Miller v. Centerpoint Energy, CA 06-668.

Decision Date28 February 2007
Docket NumberNo. CA 06-668.,CA 06-668.
Citation98 Ark. App. 102,250 S.W.3d 574
PartiesMary E. MILLER, Special Administrator of the Estate of Vincent Guy Miller, Deceased, Appellant, v. CENTERPOINT ENERGY RESOURCE CORPORATION, a/k/a Arkla; Wesley Pierce, Individually; Megan Roberts, Individually; Andy West, Individually; & Dana West, Individually, Appellees.
CourtArkansas Court of Appeals

Niblock & Associates, by: Jeremy Bueker, Stuttgart, for appellant.

Friday, Eldredge & Clark, LLP, by: James M. Simpson and Martin A. Kasten, Little Rock, for appellee Centerpoint Energy Resource Corporation.

Matthews, Sanders & Sayes, by: Doralee Chandler and Mel Sayes, Little Rock, for appellees Andy and Dana West.

SAM BIRD, Judge.

This appeal is from a wrongful-death action filed by appellant, Mary Miller, to recover from appellees, Centerpoint Energy Resources Corporation (Centerpoint) and Dana and Andy West, for injuries that Mrs. Miller's husband sustained in a gas explosion in a home owned by the Wests on July 9, 2001. The Pulaski County Circuit Court granted Centerpoint's motion to dismiss and the Wests' motion for summary judgment, and Mrs. Miller has appealed.1 We reverse and remand the circuit court's order granting Centerpoint's motion to dismiss, and we affirm the circuit court's order granting the Wests' motion for summary judgment.

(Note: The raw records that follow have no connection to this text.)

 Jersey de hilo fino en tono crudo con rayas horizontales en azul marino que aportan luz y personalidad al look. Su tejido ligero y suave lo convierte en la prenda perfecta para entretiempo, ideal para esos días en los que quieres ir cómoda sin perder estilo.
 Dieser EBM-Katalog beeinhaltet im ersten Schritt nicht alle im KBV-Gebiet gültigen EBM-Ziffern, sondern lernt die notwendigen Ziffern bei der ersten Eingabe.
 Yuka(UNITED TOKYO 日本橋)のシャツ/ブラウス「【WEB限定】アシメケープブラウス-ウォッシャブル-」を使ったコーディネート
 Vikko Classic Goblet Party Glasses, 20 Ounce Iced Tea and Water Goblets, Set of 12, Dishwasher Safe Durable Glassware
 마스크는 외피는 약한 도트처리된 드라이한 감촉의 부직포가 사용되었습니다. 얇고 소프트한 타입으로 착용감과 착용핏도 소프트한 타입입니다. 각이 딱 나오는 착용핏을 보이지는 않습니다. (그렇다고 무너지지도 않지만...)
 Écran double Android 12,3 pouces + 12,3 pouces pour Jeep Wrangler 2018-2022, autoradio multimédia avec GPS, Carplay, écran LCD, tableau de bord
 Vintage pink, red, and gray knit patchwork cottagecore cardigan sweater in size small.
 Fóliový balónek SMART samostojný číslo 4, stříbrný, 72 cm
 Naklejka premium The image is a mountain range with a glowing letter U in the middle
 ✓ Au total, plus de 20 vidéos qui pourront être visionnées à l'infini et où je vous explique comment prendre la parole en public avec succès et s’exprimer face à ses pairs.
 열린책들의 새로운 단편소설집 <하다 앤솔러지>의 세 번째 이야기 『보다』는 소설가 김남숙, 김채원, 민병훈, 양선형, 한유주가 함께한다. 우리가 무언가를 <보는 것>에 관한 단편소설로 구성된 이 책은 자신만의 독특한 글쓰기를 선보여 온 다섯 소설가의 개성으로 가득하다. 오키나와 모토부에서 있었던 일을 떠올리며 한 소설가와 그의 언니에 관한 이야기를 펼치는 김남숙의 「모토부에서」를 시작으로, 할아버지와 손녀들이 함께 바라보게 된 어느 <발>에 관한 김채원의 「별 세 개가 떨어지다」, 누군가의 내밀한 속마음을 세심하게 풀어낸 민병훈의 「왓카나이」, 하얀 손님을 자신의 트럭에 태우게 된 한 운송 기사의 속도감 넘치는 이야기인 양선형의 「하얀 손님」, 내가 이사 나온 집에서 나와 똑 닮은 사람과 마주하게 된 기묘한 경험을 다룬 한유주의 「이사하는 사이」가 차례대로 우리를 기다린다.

In early July 2001 Mary and Vincent Miller moved into an apartment being leased by Wesley Pierce and Megan Roberts from the owners, Dana and Andy West. The Millers intended to stay only a few weeks and agreed to pay one hundred dollars a week to Pierce and Roberts. The lease agreement between the Wests and Pierce and Roberts specifically forbade Pierce and Roberts from subletting the premises or any part thereof without the written consent of management. The Wests were never advised that the Millers were moving in, and the Millers never met the Wests. Mrs. Miller discovered a space heater in the bedroom closet when she moved in with Pierce and Roberts. She said that Pierce and Roberts told her that the space heater was disconnected when they moved in, so they put it in a closet. She learned after the accident that they had placed an entertainment center in front of the uncapped gas line. On July 9, 2001, a week after the Millers moved in, an explosion occurred, allegedly due to a gas leak from the uncapped gas line, severely burning both of the Millers. Mr. Miller died from his injuries on July 22, 2001.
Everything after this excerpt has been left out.